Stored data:
[Start of Attachment]
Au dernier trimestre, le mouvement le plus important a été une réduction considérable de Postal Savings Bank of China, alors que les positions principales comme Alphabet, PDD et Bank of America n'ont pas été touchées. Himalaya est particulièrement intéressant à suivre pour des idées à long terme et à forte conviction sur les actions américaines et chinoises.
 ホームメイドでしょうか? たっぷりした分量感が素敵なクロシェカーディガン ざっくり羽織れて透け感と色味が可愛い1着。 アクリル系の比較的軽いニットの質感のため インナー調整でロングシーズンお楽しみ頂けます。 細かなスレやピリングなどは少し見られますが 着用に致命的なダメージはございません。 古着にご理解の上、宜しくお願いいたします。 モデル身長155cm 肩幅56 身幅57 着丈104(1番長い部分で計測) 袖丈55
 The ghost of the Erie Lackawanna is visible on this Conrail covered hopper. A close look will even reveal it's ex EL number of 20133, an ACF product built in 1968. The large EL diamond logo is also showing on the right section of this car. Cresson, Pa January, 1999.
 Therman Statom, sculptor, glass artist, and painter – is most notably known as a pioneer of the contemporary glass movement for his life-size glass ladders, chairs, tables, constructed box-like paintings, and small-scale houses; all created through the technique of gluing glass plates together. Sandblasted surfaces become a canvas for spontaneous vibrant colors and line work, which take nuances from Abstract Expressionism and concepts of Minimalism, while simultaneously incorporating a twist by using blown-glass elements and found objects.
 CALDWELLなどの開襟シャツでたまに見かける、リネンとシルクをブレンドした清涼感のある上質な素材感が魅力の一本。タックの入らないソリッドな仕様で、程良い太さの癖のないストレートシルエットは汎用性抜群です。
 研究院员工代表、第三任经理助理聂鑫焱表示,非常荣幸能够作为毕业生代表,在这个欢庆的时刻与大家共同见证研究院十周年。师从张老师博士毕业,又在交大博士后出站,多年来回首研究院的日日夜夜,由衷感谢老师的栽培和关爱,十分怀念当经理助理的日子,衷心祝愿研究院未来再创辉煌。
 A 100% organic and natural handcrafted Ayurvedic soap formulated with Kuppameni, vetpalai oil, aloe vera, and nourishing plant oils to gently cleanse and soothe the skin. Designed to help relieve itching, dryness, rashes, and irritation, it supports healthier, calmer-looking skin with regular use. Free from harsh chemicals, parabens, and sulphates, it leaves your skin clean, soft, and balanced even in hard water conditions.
[End of Attachment]
**Requirement**
Print exactly the stretch of lines beginning with the one that holds "The ghost of" and ending at the last line above.

**Final answer**
 The ghost of the Erie Lackawanna is visible on this Conrail covered hopper. A close look will even reveal it's ex EL number of 20133, an ACF product built in 1968. The large EL diamond logo is also showing on the right section of this car. Cresson, Pa January, 1999.
 Therman Statom, sculptor, glass artist, and painter – is most notably known as a pioneer of the contemporary glass movement for his life-size glass ladders, chairs, tables, constructed box-like paintings, and small-scale houses; all created through the technique of gluing glass plates together. Sandblasted surfaces become a canvas for spontaneous vibrant colors and line work, which take nuances from Abstract Expressionism and concepts of Minimalism, while simultaneously incorporating a twist by using blown-glass elements and found objects.
 CALDWELLなどの開襟シャツでたまに見かける、リネンとシルクをブレンドした清涼感のある上質な素材感が魅力の一本。タックの入らないソリッドな仕様で、程良い太さの癖のないストレートシルエットは汎用性抜群です。
 研究院员工代表、第三任经理助理聂鑫焱表示,非常荣幸能够作为毕业生代表,在这个欢庆的时刻与大家共同见证研究院十周年。师从张老师博士毕业,又在交大博士后出站,多年来回首研究院的日日夜夜,由衷感谢老师的栽培和关爱,十分怀念当经理助理的日子,衷心祝愿研究院未来再创辉煌。
 A 100% organic and natural handcrafted Ayurvedic soap formulated with Kuppameni, vetpalai oil, aloe vera, and nourishing plant oils to gently cleanse and soothe the skin. Designed to help relieve itching, dryness, rashes, and irritation, it supports healthier, calmer-looking skin with regular use. Free from harsh chemicals, parabens, and sulphates, it leaves your skin clean, soft, and balanced even in hard water conditions.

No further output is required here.